What that was yesterday was something else. Not sure what. But something else.

Below is a post from Paul’s last piece. My thoughts on back-to-back majorities. Short version - it’s really hard to win back-to-back majorities and even when you do, it may not be because you did everything right.

I think much of what we are seeing finds its roots in the first mandate. They over promised, feverishly ‘implemented’, got to 2018 and discovered they needed to wedge their way into maybe a majority, maybe not.

Low-bridging the climate plan implementation in the first mandate - hope folks get comfortable with it come the re-elect - made a lot of political sense. Secure a second majority and test the waters for more, faster. But they cashed in their chips to drive wedges for meagre advantage (the fabled ‘efficient vote’ pundits and others say to explain why a party with 31% popular vote get to run the country). What they did is the opposite of building policy consensus. Building something durable. Lasting. Difficult for your successors to repeal - like a free trade agreement or a goods and services tax.

So what was yesterday? I said in another place that it may be generational, but I knew inflation to be the thing that ends governments. So at the very moment the word became a big part of life, they should have slowed their role on climate policy. Got busy looking like you’re not the problem. But having wedged their way to power, they couldn’t figure out any other way and kept going. And we are where we are.

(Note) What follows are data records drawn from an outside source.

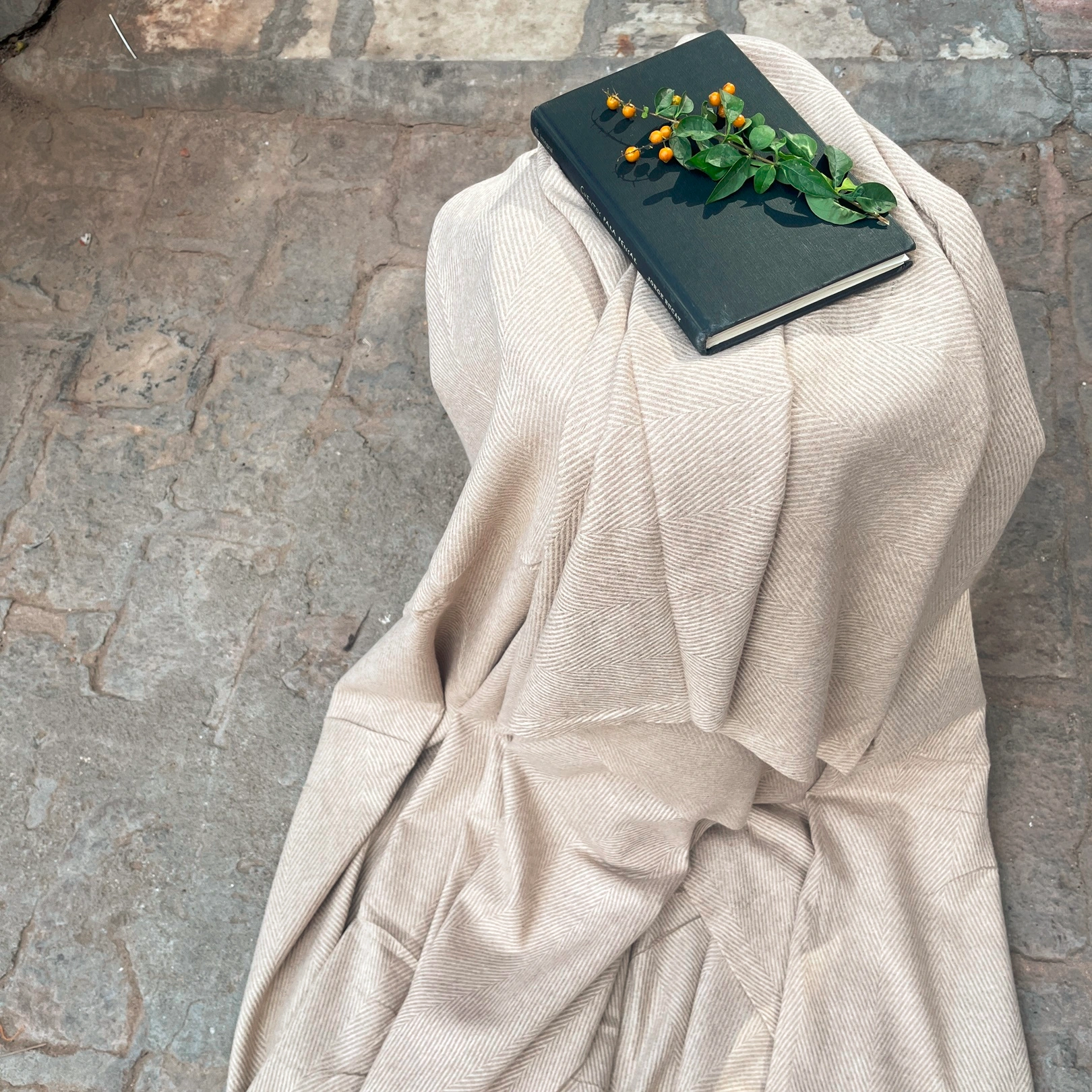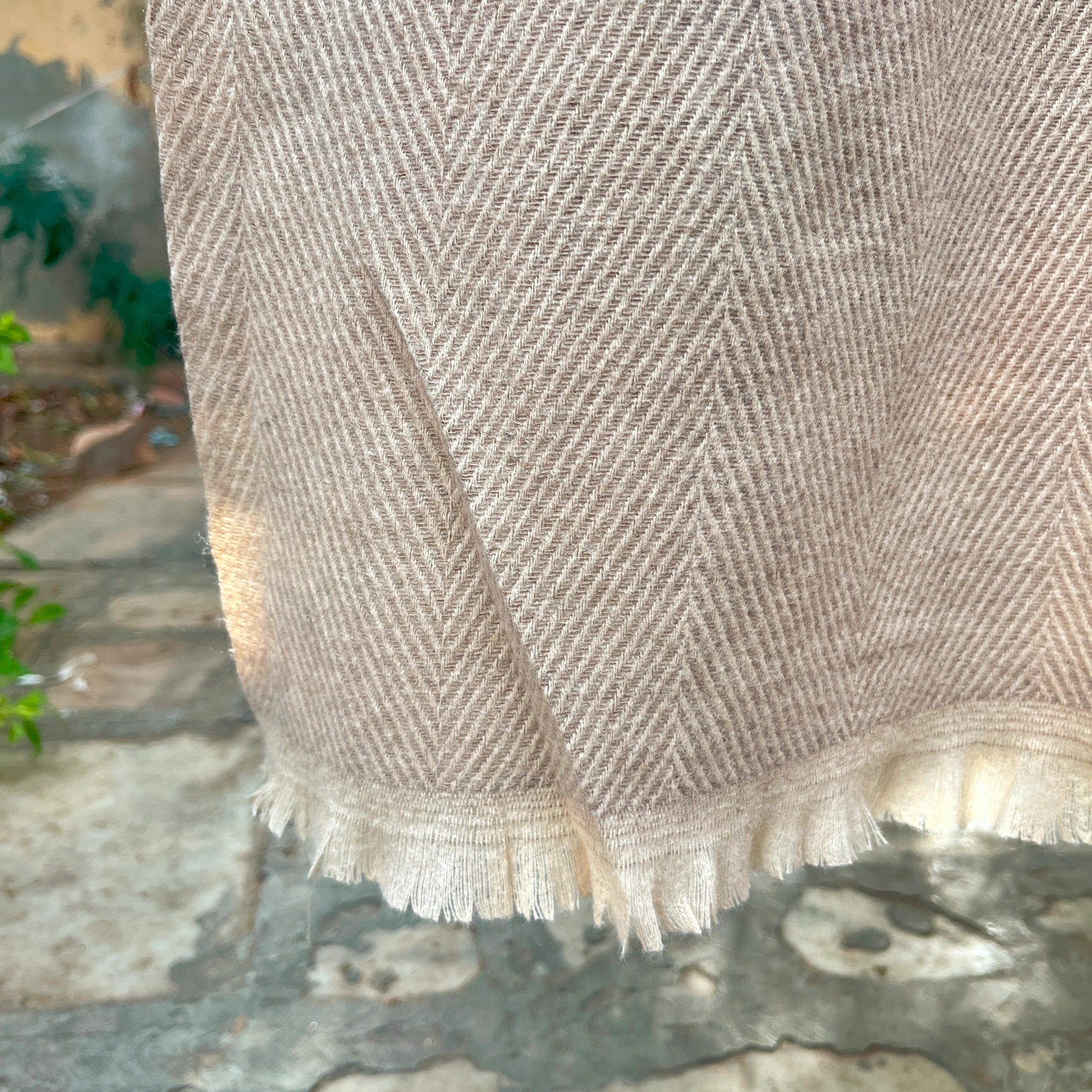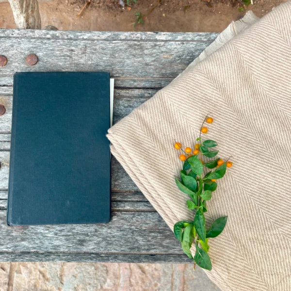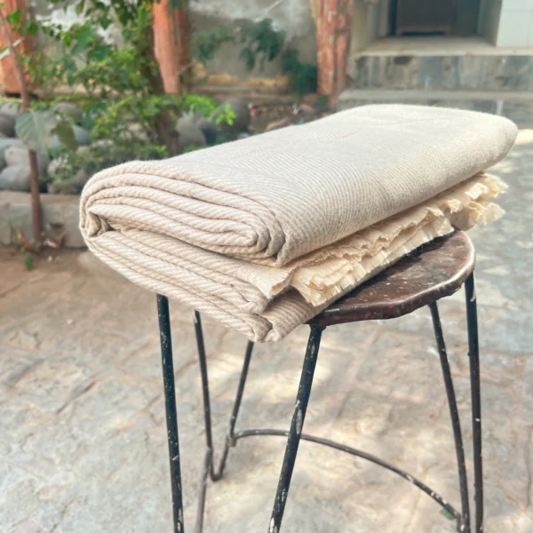 Cream Handwoven Soft Herringbone Pattern Blanket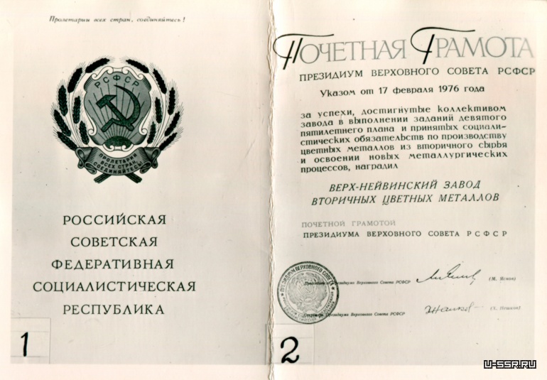 Почетная грамота Президиума Верховного Совета РСФСР.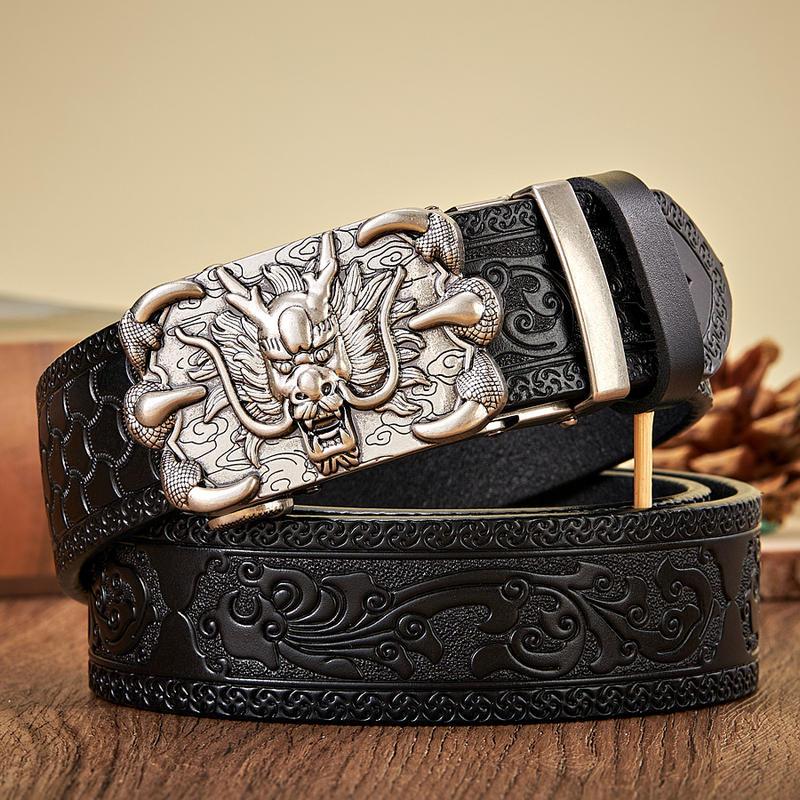 3.5CM Dragon Automatic Buckle Leather Belt for Men
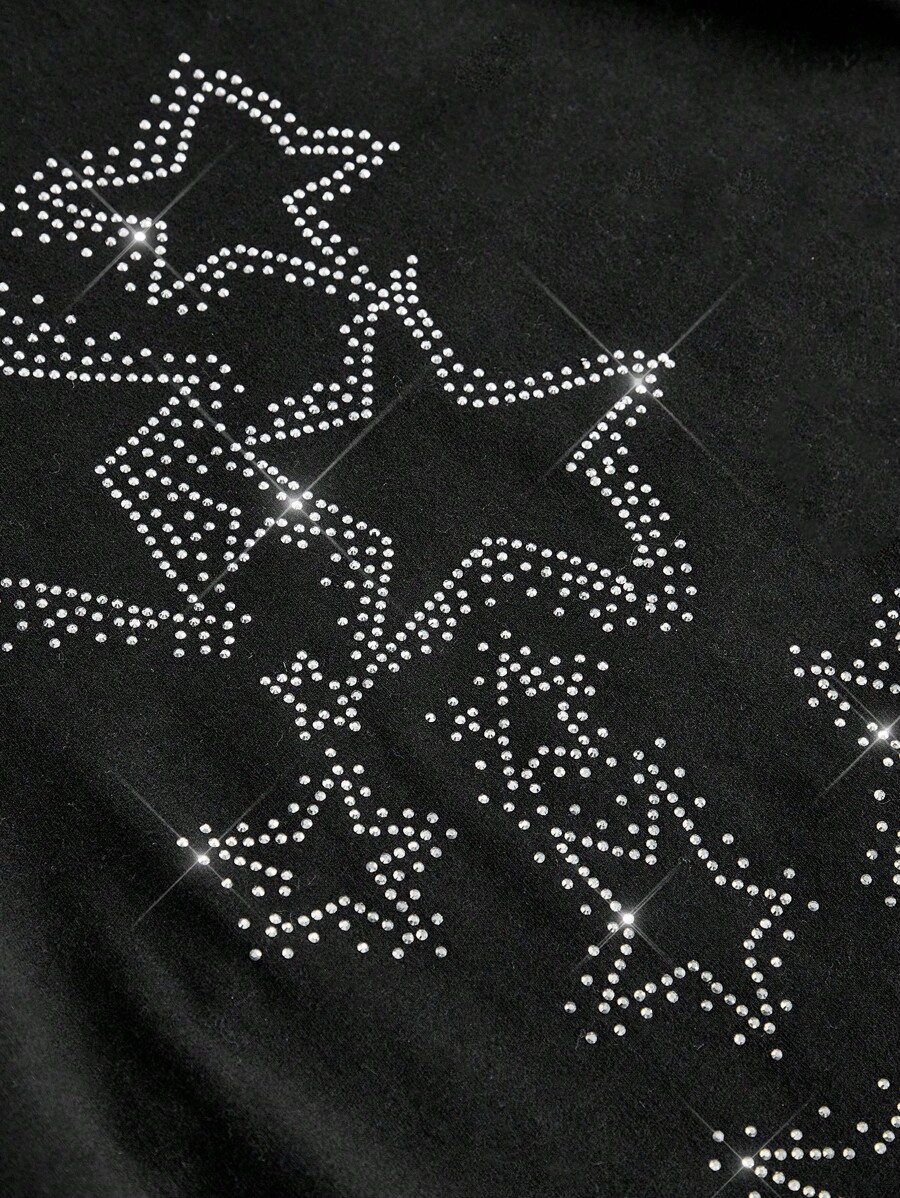 Fairycore T-shirt slim à col ras du cou uni avec design d'étoile en strass pour femmes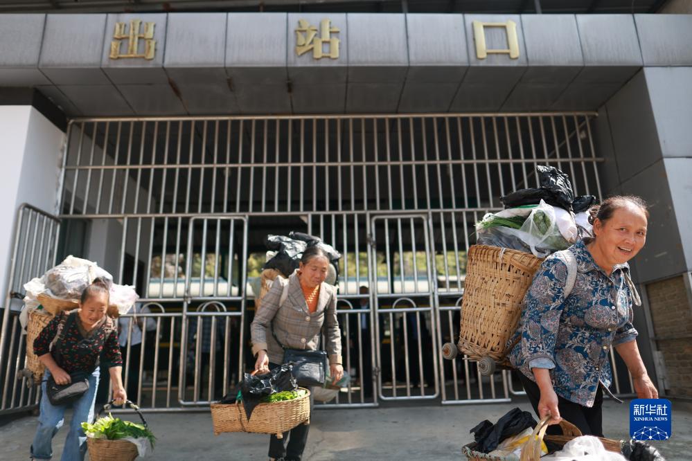 10月17日,5630次列车到达桐梓站后,村民携带农产品下车。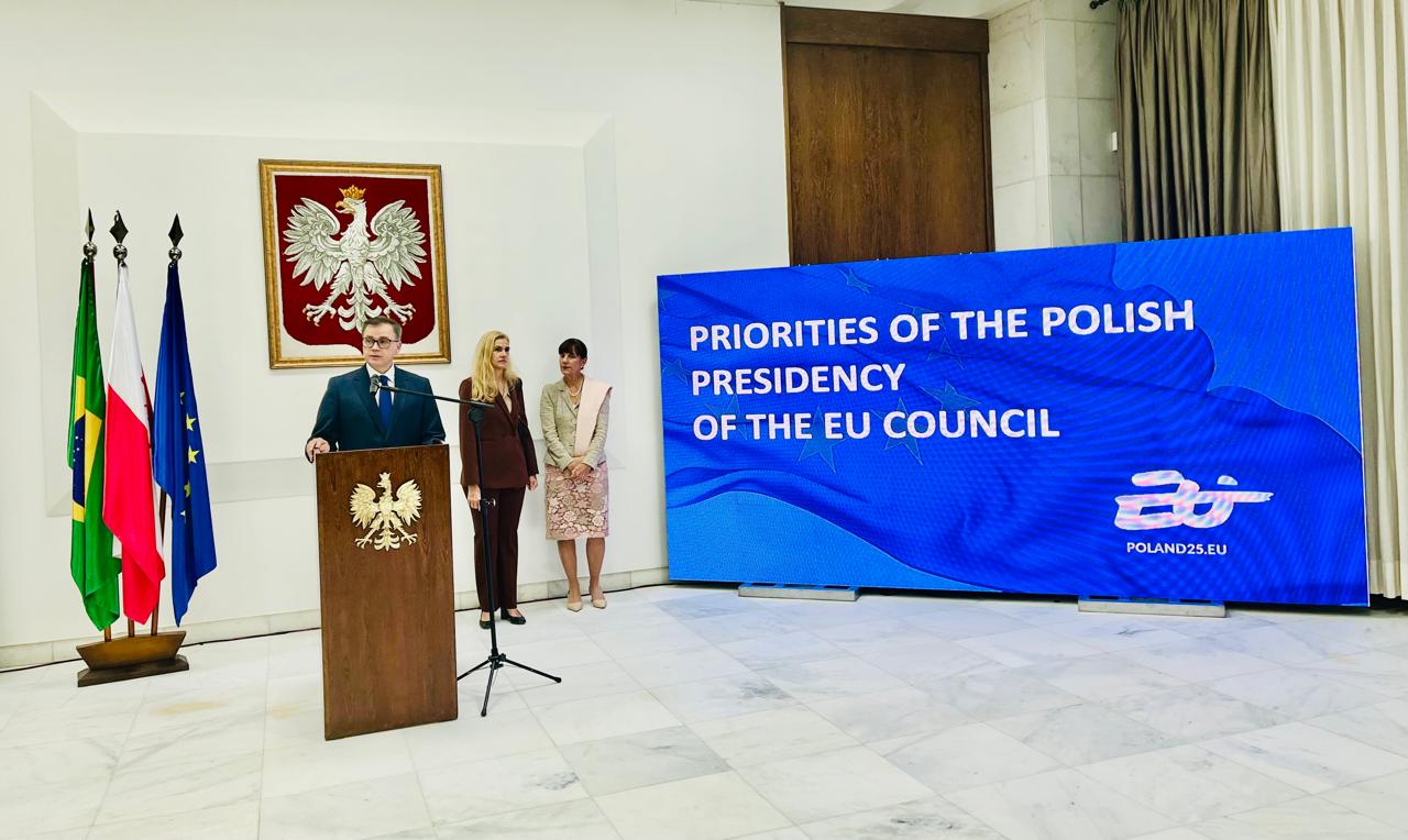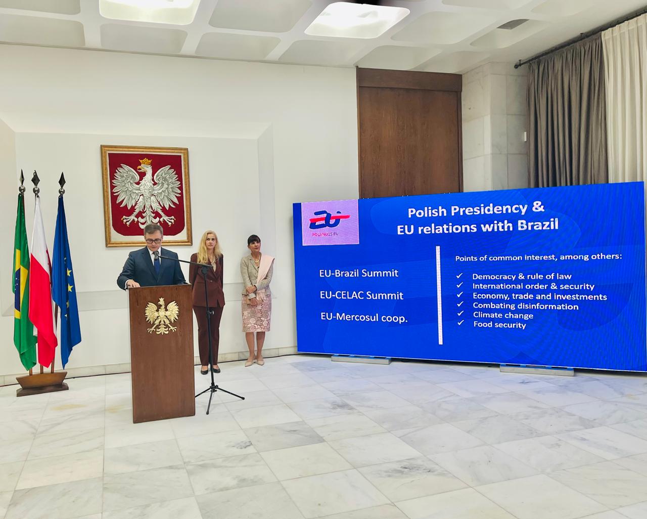 W swoim wystąpieniu chargé d’affaires Andrzej Cieszkowski przedstawił priorytety polskiej Prezydencji, podkreślając, że wiele z nich odnosi się do ważnych dla Brazylijczyków kwestii, w tym m.in.: zwalczania dezinformacji, bezpieczeństwa żywnościowego, zmian klimatu, bezpieczeństwa międzynarodowego czy rządów prawa. Zaznaczył, że Brazylia jest ważnym partnerem Polski, a UE jest największym zagranicznym inwestorem i drugim co do wielkości partnerem handlowym Brazylii.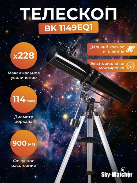 Телескоп рефлекторный Sky-Watcher BK 1149EQ1 - ОписаниеТелескоп BK 1149EQ1 – это качественный рефлектор Ньютона на экваториальной монтировке EQ1. С помощью этого телескопа можно увидеть десятки галактик, шаровых звездных скоплений, планетарных и диффузных туманностей. Кроме того, телескоп можно использовать и для наблюдения объектов Солнечной системы.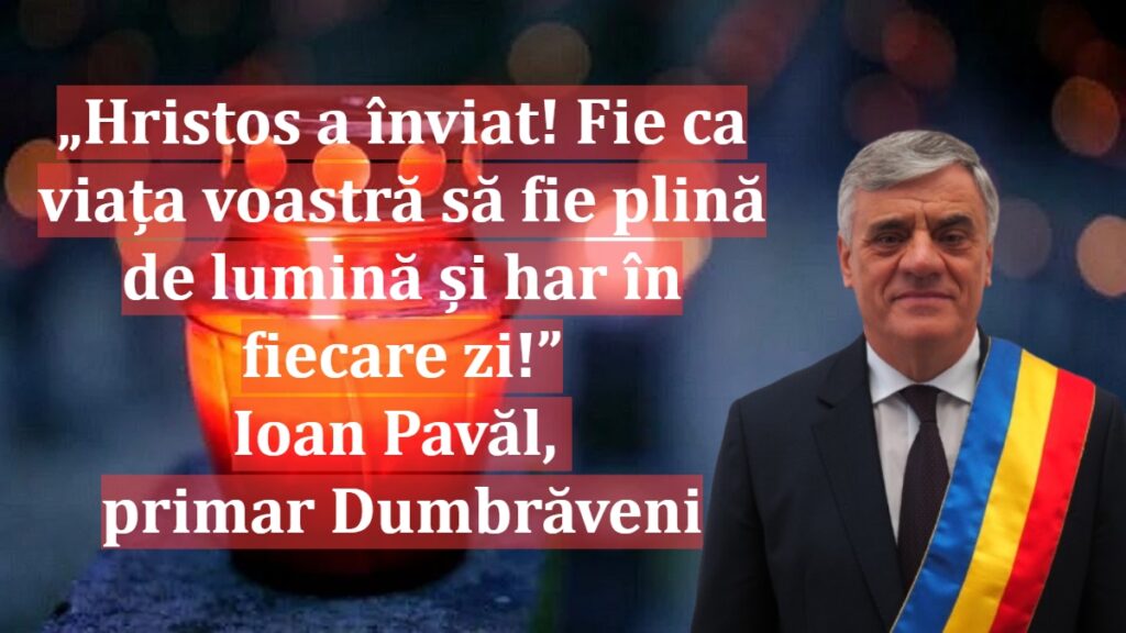 „Hristos a înviat! Fie ca viața voastră să fie plină de lumină și har în fiecare zi!” | Ioan Pavăl, primar Dumbrăveni

So knowing he now owns a losing hand, perhaps he too is just a guy doing an interview with The Post. But 2024 style - a different order. After all, there’s still snow on the ground in Ottawa and he’s not going until the grass is green. And no doubt he would have spoken to MBM days prior to his passing. And that too is on his mind.

Here’s my take on back to back majorities.

(I’m going to exclude Chretien from this broad generalization. From day one - given the centre-right split - he was headed for reelection. Majority number was 155 seats. He got ~two-thirds of the way there in Ontario alone. And did so three times.)

Majority governments have ample opportunity to sow their own re-election fate. Standing astride a magnificent country with all the levers, it’s only the bedevilling politics that you need to worry about.

But my life time, there has only been one PM who mastered majority government politics: Brian Mulroney. And his is a cautionary tale.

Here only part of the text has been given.